Yasha follows him down a winding maze of hallways to a lone patio before he finally gives her one of the glasses. It tastes very strongly of pine and juniper and nothing else.

“Caleb Widogast, did you just pour me a glass of straight gin?” Yasha asks as she takes in the still-sleepy Capitol, fairly quiet despite the sun being a respectable height in the sky. Most everyone is given time off to enjoy the games. How terrible.

Caleb simply shrugs, taking a sip from his own without changing the blankt expression on his face. “I meant to add tonic, but it may have slipped my mind.”

Yasha takes another deep drink. “I thank you for it. You’ve picked out a terrible view for us to enjoy it to, though.”

That makes him a little uncomfortable, but he only betrays it by rocking his weight between his legs. It’s something Molly used to do too. “I used to come here a lot, before my breakdown. Or at least I have memories of doing so. Gods know if they’re true.”

“Just another reason to drink.” Yasha says.

Caleb nods. He’s silent again, awkward as she’s always known him to be. “Fuck. I wish I’d brough Frumpkin.”

“How’s he taking to the Capitol?” Yasha asks, genuinely curious. It’d been Veth’s idea, to get him that cat the year after his return to mentoring. Caleb had apparently always been fond of them, but hadn’t had one since before he’d been reaped. Caleb normally kept him in his house in the Victor’s Village, but he’d had a difficult year last time after watching his tribute be immolated with flames.

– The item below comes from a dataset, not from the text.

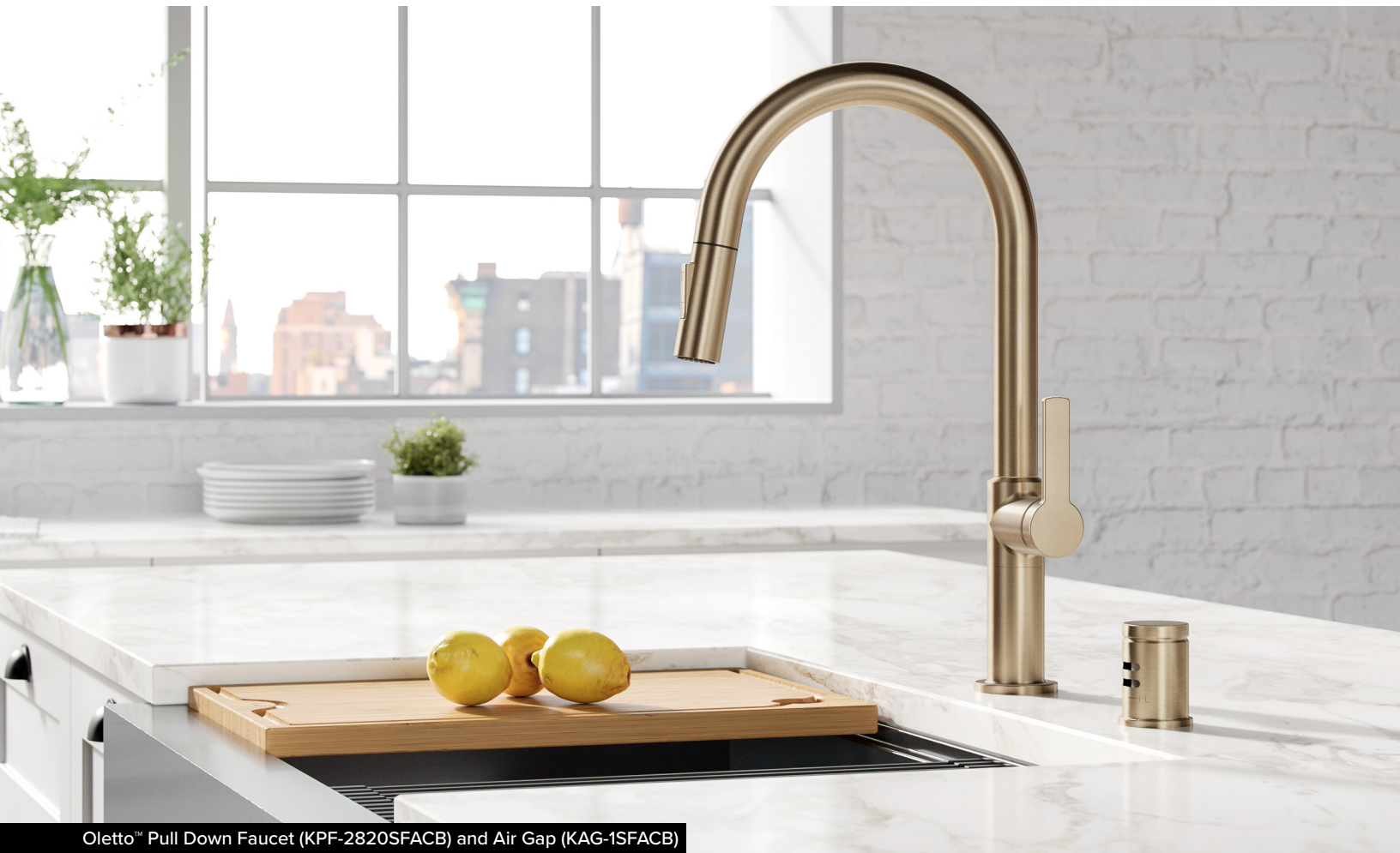
Oletto™ Pull Down Faucet (KPF-2820SFACB) and Air Gap (KAG-1SFACB)
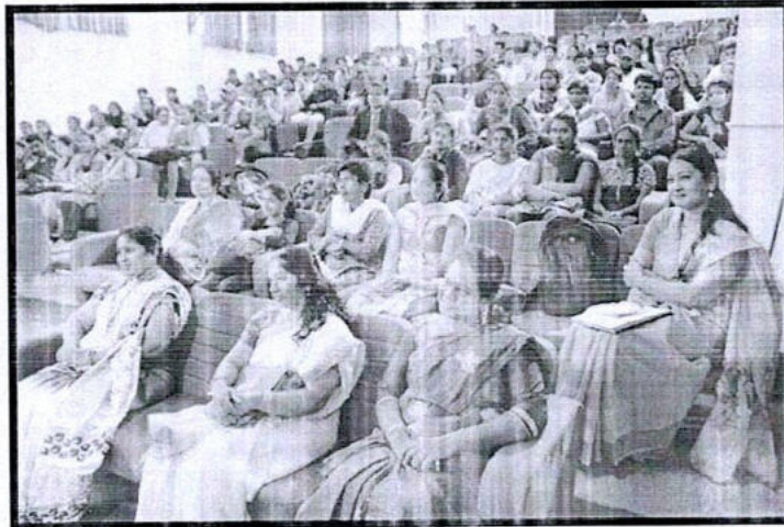
A view of audience during a session

Their close-knit group had all encouraged him to bring Frumpkin this summer, even Fjord who was apparently terribly allergic.

His smile was plain and easy. Caleb loved that damn cat. “Much better than I’d thought he would, though I suppose he has no reason to despise it here as we do. Beau’s met him, and he’s taken a liking to her. Fjord refuses to be in the same room as him, but I think Jester will break him sooner rather than later.” Something in his face shifts, and he catches her eye carefully as he asks what must have driven him to take her so far away from the mentoring room. “Speaking of taking liking, what about you?”

Yasha briefly considers throwing herself off the balcony out of sheer embarrassment but leaving Caduceus to mentor their tributes alone every year after would be selfish of her. She also considers playing dumb, but Caleb is far too shrewd for that to work. So, Yasha is left with the truth of the matter. Maybe she only needs a slippery fraction to escape his grip. “Affections I have are not worthy of concern. We only see one another once a year, it is hardly anything reasonable to build a romance on.” Their visits to one another are technically against the rules, and work to accomplish. They still happen, but formally, the mentors try not to talk about them.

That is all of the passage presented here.